Подлила ему водочки и себе нацедила лафитничек на дорожку. Он выпил, закурил, и я с изумлением увидела, что глаза у него мокрые. Старческие щеки набрякли сизым румянцем. «Красивая ты выросла, Танька, прямо царевна. Да сердца у тебя нету. Пустая твоя красота, не оприходованная добрым чувством. Так-то вся родова ваша, плаховская, порушилась от дурного бега. Горюю об этом, сильно горюю, жалею вас». — «Почему у меня нет сердца, дядя Степан?» — «Кто от родного дома рыло воротит, тот пропащая душа. Ты кем в Москве устроилась? Может, детишек лечишь? Или убогим помогаешь? Могла бы при твоей внешности. Да где там! Вижу, чем промышляешь, хорошо вижу!» Сердце мое охолонуло. «Что видишь, Степан, что?!» — «То и вижу, что с пути сбилась. Да разве ты одна такая. Весь мир православный умом повредился. Потянулся за пятнистым шатуном. Толпы безмозглых людишек толкаются во все углы, ищут легкой добычи, а найдут лютую погибель».

Немного успокоясь, я сказала: «Пьешь непомерно, дядя Степан. Ну, да это не моя печаль. Спасибо за помощь, поеду домой». — «Конечно, ехай. Токо знаешь ли ты, где он, твой дом?»

На кухне я отдала рябой Даше денег, сколько было, тысячи три. Она ручонками замахала, раскудахталась, точно я змею ей подсунула. Пришлось деньги положить на стол. К полуночи вернулась в Москву.

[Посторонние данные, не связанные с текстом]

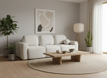 Discover the Elara Sofa Bed, where contemporary elegance meets exceptional functionality. Designed for modern living, this premium three-seater sofa measures cm, offering a spacious and sophisticated silhouette that fits perfectly into any refined interior. It effortlessly transforms into a generous cm sleeping area, providing an extra-wide surface for superior comfort and a restful night's sleep.
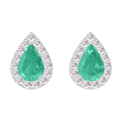 Ohrringe Weißgold 375/-(9Kt) - Smaragd Tropfen 0.3 Karat (2 X) - Halo Diamant
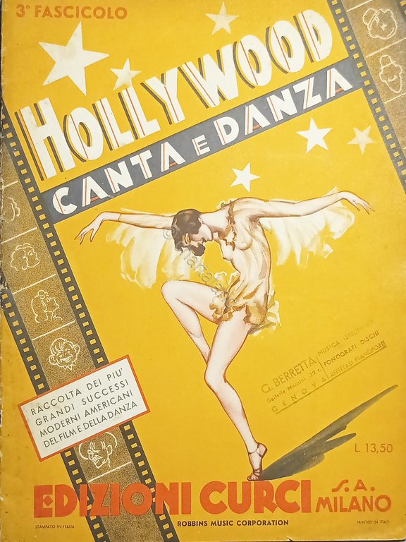 Spartiti - Hollywood Canta e Danza - Raccolta dei Grandi Successi Americani - 1938 - 3^ Fascicolo Formato grande. Pagine 39 Condizioni molto buone.
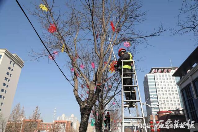 据市照明管护中心监控中心主任赵洁介绍,市城市照明管理处专门组织人员对市区二环内裕华路、体育大街、育才街、师范街等8条街道约800棵树体上悬挂“春暖花开”“天降祥瑞”“满路生花”“不忘初心”“春雨迎新”等主题的各种灯球灯饰2.1万套,灯串2.8万串,着力打造风格清新的一区一街一景的春节氛围。截至目前,已完成总工程量的70%,预计1月20日(腊月十八)全部完工。

1 мая. Праздник всех трудящихся. От мамы я привезла два альбома со старыми фотографиями. Сидела, перебирала, разглядывала знакомые, родные лица, но не было ни печали, ни радости. В альбоме я иногда появлялась то девочкой в школьной форме, то неуклюжим подростком в смешных нарядах. Я или не я? На одном из снимков мы стояли в обнимку с братиком у садовой калитки, и там точно была я. На худеньком, большеглазом личике шальная полуулыбка, словно печать судьбы. Это было хорошее лето после девятого класса, я вспомнила. Нас с братиком отправили в деревню к тетке Анфисе, с глаз долой. Целыми днями купались, загорали, ходили в лес по грибы, и каждую ночь в дощатом флигельке меня навещал мой полосатый тигренок. Но закончилась августовская пастораль скверно. Неуступчивый характер Алеши накликал на нас беду. С первых дней он начал задирать деревенских ребят, причем без всякого повода с их стороны. Один раз по улице катил на велосипеде какой-то вихрастый пацан лет тринадцати, и братику показалось, что тот нарочно, чтобы напугать, вильнул в нашу сторону. Лешка с воплем на него кинулся, сбил с велосипеда и пару раз лежачему наподдал ногой. Полдеревни наблюдало эту сцену из окошек. Вечером мы с тетей Анфисой пытались урезонить братика, по-всякому его увещевали, но он только сумрачно усмехался и отвечал, что вся эта деревенская шваль дождется, что он поотрывает им всем уши. Такой у меня был братик Леша, ничего не попишешь, весь в отца. Отволтузили его темной ночью, когда он вышел по нужде во двор, да так, что еле дополз до крыльца, откуда мы утром перенесли его в постель. Пару дней братик отлеживался, оглашая избу матерщиной, а потом тетка Анфиса, от греха подальше, отвезла нас обоих в Торжок, где папочка добавил ему науки, исхлестав до полусмерти ременной плеткой. Помню, как впотьмах Леша присел на мою кровать и поклялся злобной клятвой, что не пройдет и года, как он не только оторвет уши этому придурку, но и вообще сведет его в могилу. Я ревела от ужаса и умоляла братика не говорить так об отце. «Отец?! — Очень рано Леша научился скрипеть зубами с каким-то металлическим звуком. — Таких отцов надо вешать за яйца. И я это сделаю, погоди немного!»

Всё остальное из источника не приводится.